(Book #79) I grew up with Rocky and Bullwinkle’s Boris and Natasha and elementary school bomb drills during the coldest part of the Cold War. I’ve taken a train from Vilnius, Lithuania into St. Petersburg and had the life scared out of me by a squat female border guard who asked me (rather than my husband) all the questions at the crossing and handed back my passport with the words “Good luck to you.” We visited Moscow and took their underground amazed at its depth and for at least 20 years a Moscow-born Russian, who vividly remembers Stalin’s funeral, did my nails. I just can’t read enough about Russia. I haven’t read nearly everything by Russian writers but I’ve read Anna Karenina, Crime and Punishment, The Master and Margarita, The Twelve Chairs, and I saw a great theatrical production of The Brothers Karamazov in Stratford, Ontario. I love the Arkady Renko series by Martin Cruz Smith that started with Gorky Park. The Madonnas of Leningrad by Debra Dean was great and one of my favorite books of all time is David Benioff’s City of Thieves. Anthony Marra’s first book Constellation of Vital Phenomena is my definition of genius, so I couldn’t wait to host The Tsar of Love and Techno.
My invitation: The Miss Siberia Beauty Pageant will still to take place as before announced even with bins of sulfur waste yet waiting to remove from the backstage and dressing room, for day of Tuesday, November 22, 2120 W Schiller Ulitza. If you are wishing to strive for crown, please to complete below form and return. Name: Date for Birth: Show for Talant:
When the girls arrived we poured Georgian wine, a nod to Stalin’s Georgian roots. For starters we had Russian black bread, pickled herring and beets. For dinner I made Kulebyaka, a kind of salmon pie, cabbage rolls, and the Olivier salad, but bought the pelmeni from Ann’s Ukrainian Bakery and Deli. For dessert I made a Russian Korolevsky cake (King’s Cake) a three-layer cake, one layer flavored with cocoa powder, one with poppy seeds and one with walnuts.

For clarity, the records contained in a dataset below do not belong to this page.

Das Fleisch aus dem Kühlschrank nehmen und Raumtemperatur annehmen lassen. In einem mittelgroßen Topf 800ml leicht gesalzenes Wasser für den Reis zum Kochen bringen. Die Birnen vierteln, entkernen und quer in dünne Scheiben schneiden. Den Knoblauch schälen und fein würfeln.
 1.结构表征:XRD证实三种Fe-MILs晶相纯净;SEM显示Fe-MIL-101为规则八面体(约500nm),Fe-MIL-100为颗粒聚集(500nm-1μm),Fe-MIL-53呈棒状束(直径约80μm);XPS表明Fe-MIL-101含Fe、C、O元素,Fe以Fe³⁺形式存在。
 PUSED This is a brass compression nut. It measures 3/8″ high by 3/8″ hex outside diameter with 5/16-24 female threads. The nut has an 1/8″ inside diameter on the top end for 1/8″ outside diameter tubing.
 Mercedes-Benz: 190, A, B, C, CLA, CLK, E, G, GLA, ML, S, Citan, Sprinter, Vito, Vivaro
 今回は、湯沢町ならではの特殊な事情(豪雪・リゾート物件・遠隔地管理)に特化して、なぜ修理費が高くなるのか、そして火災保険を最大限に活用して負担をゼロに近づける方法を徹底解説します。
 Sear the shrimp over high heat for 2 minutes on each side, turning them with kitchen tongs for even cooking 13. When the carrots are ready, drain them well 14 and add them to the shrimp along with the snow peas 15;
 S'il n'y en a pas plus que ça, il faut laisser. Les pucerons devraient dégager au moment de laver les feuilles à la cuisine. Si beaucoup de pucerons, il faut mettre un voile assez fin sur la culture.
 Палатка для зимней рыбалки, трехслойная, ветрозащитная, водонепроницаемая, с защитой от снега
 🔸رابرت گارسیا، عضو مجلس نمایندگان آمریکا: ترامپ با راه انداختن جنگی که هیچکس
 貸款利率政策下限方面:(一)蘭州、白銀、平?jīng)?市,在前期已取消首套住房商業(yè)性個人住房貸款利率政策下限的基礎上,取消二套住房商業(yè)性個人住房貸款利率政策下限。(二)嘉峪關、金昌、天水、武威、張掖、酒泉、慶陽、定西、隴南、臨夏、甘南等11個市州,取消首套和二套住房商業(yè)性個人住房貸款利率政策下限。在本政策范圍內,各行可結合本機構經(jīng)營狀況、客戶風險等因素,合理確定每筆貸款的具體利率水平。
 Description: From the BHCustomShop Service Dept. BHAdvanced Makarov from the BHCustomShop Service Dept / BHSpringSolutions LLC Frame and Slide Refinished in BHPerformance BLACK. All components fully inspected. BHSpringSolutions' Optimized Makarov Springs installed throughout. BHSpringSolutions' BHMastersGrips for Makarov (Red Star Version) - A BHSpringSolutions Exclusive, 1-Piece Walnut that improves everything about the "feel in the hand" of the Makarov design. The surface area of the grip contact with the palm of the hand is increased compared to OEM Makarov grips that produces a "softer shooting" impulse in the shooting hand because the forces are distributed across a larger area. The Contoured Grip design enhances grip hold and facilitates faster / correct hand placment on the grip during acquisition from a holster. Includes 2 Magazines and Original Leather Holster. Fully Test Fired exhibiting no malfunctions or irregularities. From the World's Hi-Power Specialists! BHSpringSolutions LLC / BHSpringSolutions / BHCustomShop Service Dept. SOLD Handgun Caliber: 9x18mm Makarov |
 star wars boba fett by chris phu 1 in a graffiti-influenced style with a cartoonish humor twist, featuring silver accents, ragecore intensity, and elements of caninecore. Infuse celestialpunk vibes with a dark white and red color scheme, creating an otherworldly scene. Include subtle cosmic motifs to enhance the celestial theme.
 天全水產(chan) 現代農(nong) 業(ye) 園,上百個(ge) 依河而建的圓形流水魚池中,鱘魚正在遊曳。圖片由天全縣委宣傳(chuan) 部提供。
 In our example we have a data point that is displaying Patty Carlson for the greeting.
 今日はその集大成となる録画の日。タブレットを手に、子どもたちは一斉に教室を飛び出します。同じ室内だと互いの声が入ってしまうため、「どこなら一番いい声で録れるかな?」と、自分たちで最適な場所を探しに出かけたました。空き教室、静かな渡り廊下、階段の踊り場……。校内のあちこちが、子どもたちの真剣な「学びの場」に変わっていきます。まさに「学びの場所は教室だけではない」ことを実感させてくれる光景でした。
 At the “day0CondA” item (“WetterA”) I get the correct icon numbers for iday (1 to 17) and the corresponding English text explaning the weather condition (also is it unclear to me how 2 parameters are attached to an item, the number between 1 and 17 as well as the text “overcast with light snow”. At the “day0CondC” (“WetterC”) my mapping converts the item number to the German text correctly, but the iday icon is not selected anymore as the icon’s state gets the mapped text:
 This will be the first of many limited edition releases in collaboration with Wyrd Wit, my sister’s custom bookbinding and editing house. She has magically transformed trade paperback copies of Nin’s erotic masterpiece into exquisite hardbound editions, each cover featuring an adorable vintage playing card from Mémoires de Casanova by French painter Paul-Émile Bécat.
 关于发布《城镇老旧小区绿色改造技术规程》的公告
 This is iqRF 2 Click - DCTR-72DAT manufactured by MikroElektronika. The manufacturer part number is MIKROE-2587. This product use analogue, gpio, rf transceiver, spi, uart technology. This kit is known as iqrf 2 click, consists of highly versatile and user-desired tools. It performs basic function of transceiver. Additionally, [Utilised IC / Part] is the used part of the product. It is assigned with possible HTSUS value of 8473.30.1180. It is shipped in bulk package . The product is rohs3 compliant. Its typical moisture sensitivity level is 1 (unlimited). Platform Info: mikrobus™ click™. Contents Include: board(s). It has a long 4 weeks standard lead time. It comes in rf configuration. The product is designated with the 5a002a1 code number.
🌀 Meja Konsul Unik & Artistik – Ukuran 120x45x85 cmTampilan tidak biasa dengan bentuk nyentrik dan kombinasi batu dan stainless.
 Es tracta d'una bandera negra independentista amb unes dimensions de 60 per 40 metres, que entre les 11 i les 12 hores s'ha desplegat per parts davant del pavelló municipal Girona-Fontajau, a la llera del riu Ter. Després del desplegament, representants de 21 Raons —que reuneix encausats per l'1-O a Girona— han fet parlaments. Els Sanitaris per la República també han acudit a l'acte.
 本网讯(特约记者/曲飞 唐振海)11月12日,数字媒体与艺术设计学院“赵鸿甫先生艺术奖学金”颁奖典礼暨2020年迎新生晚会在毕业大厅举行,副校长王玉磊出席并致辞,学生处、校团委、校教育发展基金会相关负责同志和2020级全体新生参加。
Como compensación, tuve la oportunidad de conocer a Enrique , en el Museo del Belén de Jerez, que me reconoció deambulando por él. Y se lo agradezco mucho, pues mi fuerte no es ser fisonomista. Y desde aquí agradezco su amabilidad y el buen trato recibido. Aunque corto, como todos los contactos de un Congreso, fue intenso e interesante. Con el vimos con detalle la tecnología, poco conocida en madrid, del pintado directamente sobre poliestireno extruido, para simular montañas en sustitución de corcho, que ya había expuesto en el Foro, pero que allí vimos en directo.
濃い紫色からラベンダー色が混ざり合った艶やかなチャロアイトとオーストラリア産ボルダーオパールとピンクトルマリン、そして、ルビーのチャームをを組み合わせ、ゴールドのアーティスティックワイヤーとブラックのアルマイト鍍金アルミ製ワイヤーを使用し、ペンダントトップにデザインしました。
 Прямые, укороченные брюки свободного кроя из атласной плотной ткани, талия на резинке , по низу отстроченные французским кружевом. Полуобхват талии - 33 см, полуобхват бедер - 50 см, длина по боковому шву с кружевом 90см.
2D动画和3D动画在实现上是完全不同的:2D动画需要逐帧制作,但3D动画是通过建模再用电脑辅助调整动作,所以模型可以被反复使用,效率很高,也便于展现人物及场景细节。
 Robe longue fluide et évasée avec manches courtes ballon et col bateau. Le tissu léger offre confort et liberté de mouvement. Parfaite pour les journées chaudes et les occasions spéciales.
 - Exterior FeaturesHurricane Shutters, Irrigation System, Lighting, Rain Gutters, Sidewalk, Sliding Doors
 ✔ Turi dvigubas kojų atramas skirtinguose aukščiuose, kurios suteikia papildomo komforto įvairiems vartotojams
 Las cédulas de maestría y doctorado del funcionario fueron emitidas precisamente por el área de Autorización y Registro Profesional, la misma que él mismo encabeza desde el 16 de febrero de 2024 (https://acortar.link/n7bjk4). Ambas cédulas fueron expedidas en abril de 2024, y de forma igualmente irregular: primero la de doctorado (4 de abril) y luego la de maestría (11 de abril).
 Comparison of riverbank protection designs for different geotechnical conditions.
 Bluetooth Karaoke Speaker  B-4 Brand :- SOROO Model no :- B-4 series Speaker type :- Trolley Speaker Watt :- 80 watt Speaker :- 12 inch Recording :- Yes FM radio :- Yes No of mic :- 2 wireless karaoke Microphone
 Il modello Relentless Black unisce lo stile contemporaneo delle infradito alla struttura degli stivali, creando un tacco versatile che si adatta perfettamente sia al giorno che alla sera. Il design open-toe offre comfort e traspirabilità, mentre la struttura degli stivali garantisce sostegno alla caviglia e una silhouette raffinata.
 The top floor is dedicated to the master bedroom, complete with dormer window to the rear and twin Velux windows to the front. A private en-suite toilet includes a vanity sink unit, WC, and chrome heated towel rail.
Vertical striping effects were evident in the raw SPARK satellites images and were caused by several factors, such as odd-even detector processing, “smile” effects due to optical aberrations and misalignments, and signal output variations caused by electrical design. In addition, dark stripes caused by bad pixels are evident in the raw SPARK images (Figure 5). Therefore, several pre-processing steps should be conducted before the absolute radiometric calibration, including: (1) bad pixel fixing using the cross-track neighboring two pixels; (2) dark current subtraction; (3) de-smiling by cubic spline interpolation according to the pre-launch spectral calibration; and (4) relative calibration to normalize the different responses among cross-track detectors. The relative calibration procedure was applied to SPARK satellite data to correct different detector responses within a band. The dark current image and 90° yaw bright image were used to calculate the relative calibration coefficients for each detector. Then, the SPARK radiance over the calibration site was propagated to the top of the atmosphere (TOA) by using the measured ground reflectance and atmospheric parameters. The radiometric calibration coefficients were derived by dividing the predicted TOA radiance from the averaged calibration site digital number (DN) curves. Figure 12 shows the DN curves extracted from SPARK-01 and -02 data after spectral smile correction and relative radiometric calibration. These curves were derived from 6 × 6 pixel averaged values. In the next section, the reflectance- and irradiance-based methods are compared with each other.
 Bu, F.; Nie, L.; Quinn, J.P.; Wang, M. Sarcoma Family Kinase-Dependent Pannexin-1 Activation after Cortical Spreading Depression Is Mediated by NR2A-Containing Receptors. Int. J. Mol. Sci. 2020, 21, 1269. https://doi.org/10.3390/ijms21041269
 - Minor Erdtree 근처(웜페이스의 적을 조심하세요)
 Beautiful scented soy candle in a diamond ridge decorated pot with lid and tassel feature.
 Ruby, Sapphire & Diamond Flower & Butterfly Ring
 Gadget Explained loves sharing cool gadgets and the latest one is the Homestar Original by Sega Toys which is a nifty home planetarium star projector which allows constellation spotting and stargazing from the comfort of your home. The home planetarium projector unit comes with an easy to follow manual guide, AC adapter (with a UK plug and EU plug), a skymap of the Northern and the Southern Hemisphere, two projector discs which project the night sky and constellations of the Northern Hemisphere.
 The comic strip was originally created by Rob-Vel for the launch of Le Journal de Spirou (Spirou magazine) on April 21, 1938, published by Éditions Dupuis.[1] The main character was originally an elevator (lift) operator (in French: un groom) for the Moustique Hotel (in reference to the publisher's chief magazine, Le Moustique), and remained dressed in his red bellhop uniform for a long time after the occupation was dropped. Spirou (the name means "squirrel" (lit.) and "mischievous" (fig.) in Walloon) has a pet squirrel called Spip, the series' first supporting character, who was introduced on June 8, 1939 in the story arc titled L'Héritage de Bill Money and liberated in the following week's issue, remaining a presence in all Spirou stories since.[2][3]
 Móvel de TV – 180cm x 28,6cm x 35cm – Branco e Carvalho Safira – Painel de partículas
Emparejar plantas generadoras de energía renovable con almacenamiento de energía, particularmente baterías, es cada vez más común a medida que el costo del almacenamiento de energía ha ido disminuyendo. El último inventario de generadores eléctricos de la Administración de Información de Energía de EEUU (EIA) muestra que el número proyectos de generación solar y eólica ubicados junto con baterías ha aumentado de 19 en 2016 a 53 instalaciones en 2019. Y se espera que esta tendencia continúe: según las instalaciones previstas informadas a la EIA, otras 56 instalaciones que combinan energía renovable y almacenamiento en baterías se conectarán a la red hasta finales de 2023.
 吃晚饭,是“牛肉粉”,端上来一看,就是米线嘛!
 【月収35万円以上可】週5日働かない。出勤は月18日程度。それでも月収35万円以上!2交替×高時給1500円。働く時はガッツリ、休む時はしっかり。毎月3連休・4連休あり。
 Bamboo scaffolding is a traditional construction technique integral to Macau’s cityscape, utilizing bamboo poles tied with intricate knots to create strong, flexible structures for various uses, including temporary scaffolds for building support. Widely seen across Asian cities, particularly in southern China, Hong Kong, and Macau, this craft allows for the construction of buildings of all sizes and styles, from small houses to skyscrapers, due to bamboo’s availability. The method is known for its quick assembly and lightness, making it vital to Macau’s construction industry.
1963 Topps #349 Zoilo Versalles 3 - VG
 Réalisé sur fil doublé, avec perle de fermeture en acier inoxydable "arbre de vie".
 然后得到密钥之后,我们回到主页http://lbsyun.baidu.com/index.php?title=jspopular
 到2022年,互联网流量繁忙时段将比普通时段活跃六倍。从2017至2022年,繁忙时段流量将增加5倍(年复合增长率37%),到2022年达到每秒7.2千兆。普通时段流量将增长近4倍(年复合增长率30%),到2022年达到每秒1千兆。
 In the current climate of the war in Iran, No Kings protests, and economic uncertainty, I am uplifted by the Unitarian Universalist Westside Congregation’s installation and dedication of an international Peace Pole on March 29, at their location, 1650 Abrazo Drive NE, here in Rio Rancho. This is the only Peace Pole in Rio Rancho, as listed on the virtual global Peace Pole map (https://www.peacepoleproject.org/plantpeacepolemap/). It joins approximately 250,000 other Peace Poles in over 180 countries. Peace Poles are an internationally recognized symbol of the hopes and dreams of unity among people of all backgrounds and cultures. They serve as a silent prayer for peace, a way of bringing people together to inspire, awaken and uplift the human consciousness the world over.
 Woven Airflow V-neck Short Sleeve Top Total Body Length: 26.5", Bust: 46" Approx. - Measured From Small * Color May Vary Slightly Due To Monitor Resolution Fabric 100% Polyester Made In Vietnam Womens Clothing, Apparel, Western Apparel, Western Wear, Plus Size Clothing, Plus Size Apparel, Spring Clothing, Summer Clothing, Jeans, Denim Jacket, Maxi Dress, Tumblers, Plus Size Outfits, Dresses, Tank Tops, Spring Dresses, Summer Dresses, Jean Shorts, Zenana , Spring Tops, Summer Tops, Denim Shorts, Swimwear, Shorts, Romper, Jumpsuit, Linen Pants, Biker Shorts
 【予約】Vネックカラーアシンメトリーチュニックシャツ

Sadly, there was very little discussion of the book, because our book club is comprised of liberals and the election results pulled the rug out from under us. If you haven’t read this book yet you must. If you don’t like the short story think of each of them as a chapter and you’ll see how they all weave together. As the Goodreads blurb says: “This stunning, exquisitely written collection introduces a cast of remarkable characters whose lives intersect in ways both life-affirming and heartbreaking.”
As an homage to Roman Markin, a retoucher in the Department of Party Propaganda and Agitation, who blots out and replaces the faces of the disfavored from photographs, I gave each of the girls a framed photo of our membership. The original photo is missing Mary and me — though I was able to place Mary in between Marcia and Linda for her photo. In each of the photos I gave the girls, the recipient’s face has been replaced by Stalin’s.

A favorite quote: “Endurance, I reminded myself, is the true measure of existence.”